* Input data *
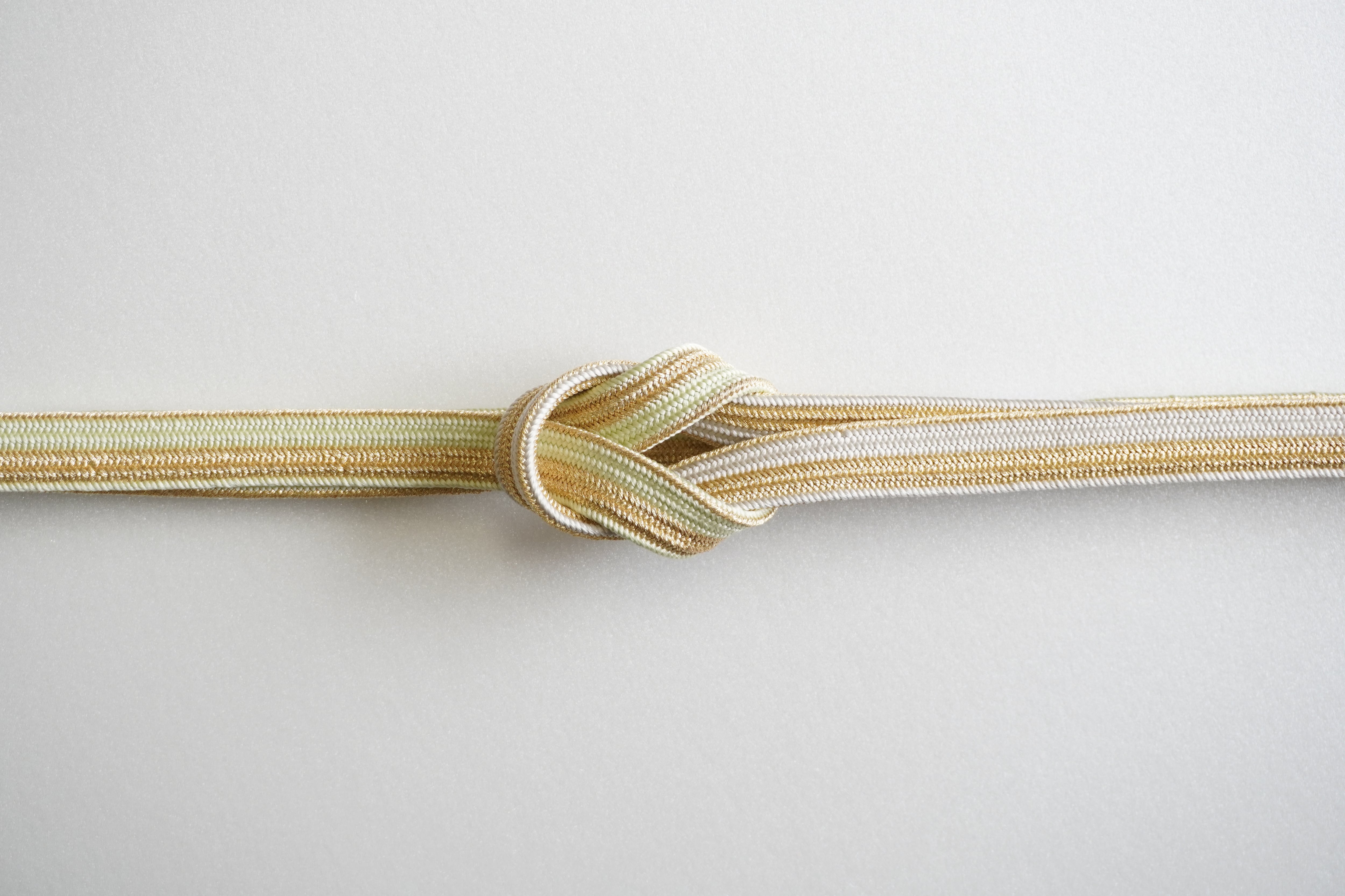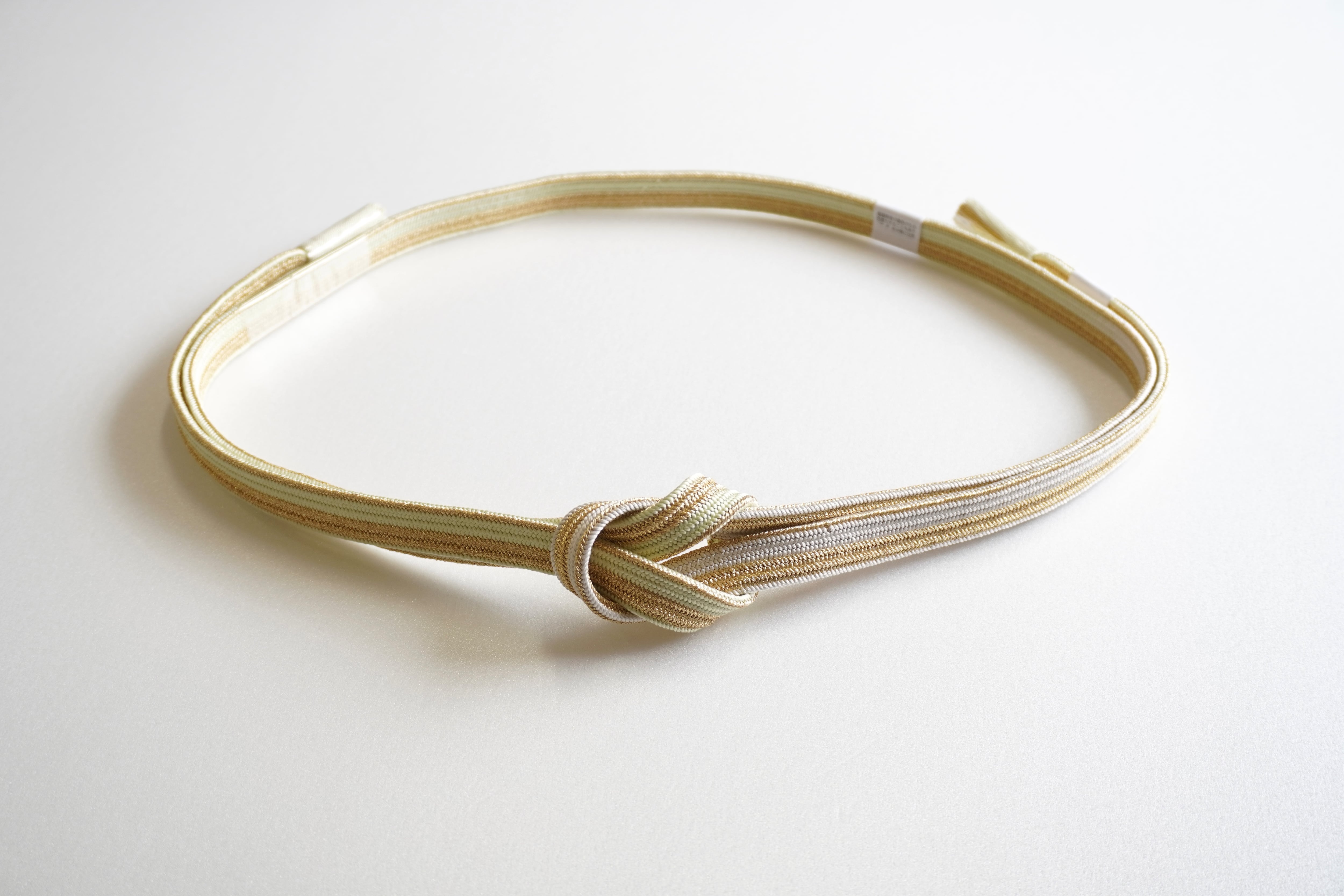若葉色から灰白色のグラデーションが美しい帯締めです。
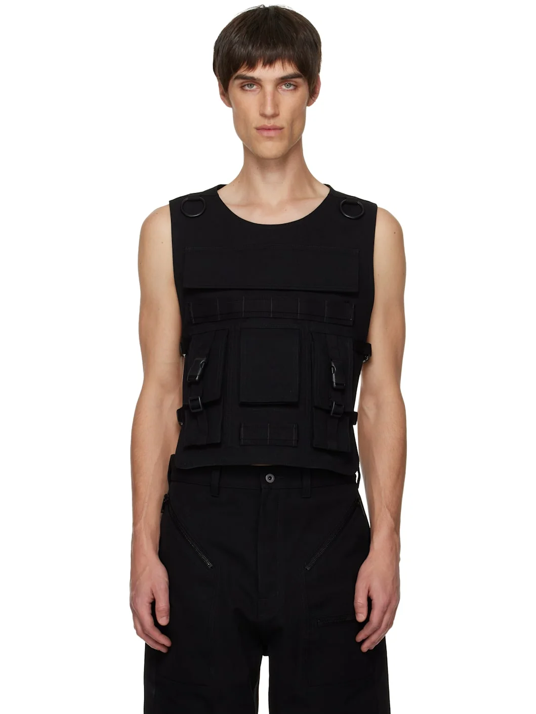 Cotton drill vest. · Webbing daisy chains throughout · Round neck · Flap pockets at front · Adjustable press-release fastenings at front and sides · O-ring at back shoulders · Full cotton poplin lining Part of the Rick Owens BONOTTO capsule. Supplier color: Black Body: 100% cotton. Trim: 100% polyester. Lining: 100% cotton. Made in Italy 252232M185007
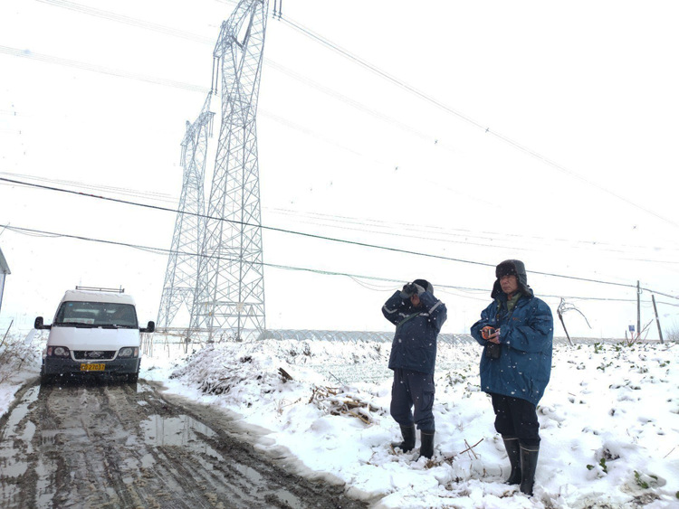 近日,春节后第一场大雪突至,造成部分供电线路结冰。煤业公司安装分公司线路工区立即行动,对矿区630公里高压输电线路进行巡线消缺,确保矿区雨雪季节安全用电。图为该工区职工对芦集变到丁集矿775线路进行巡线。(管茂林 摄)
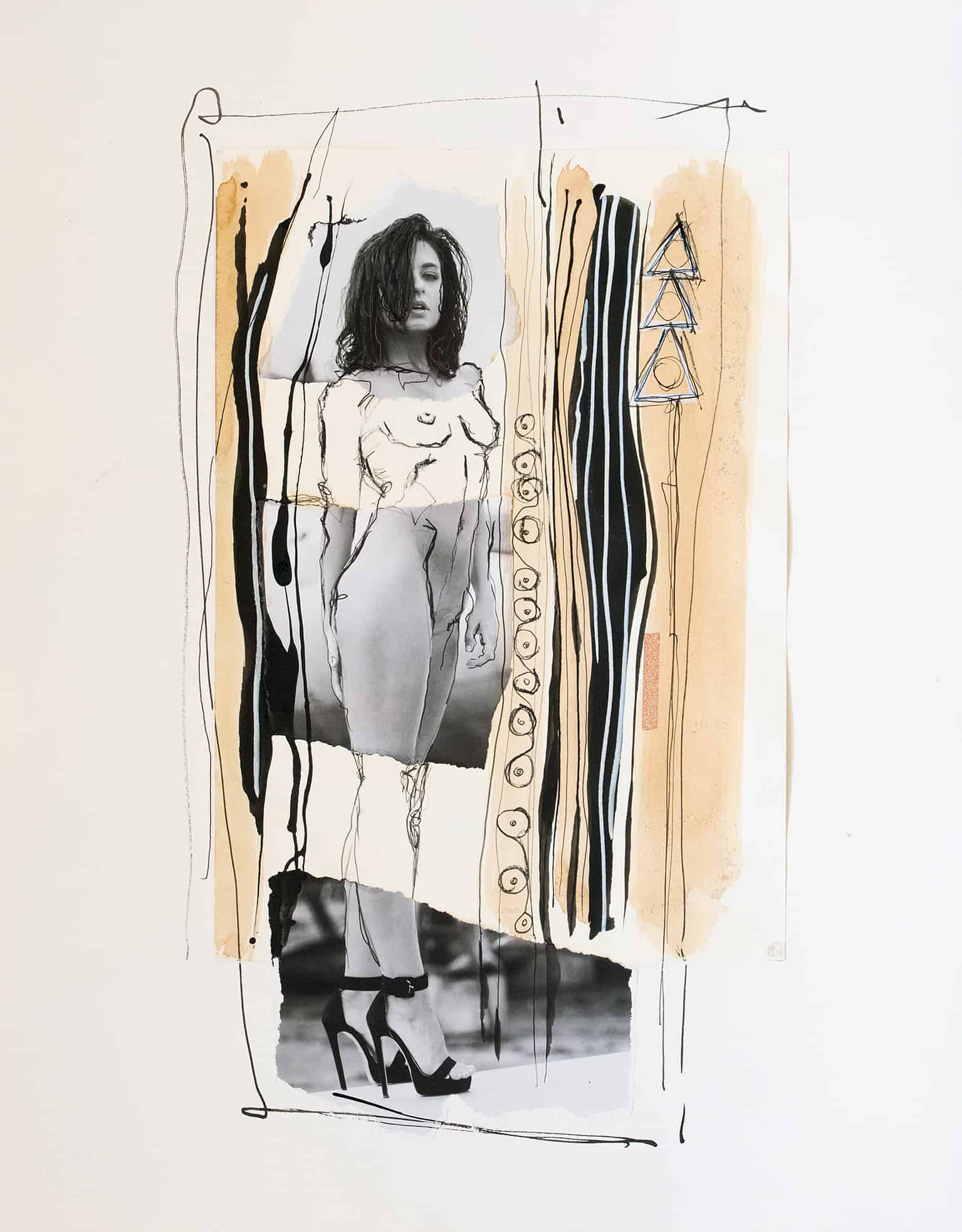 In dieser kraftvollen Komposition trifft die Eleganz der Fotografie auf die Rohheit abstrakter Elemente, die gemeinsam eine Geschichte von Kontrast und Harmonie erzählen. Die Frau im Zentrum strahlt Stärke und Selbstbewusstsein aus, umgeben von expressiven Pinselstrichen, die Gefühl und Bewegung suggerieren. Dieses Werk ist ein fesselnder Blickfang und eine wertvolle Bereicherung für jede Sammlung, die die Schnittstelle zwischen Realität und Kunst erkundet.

* Task objective *
How would the lines above read from the one with "Cotton drill vest." to the one with "近日,春节后第一场大雪突至,造成部分供电", inclusive, with no pictures? Write them out exactly.

* Solved problem *
 Cotton drill vest. · Webbing daisy chains throughout · Round neck · Flap pockets at front · Adjustable press-release fastenings at front and sides · O-ring at back shoulders · Full cotton poplin lining Part of the Rick Owens BONOTTO capsule. Supplier color: Black Body: 100% cotton. Trim: 100% polyester. Lining: 100% cotton. Made in Italy 252232M185007
 近日,春节后第一场大雪突至,造成部分供电线路结冰。煤业公司安装分公司线路工区立即行动,对矿区630公里高压输电线路进行巡线消缺,确保矿区雨雪季节安全用电。图为该工区职工对芦集变到丁集矿775线路进行巡线。(管茂林 摄)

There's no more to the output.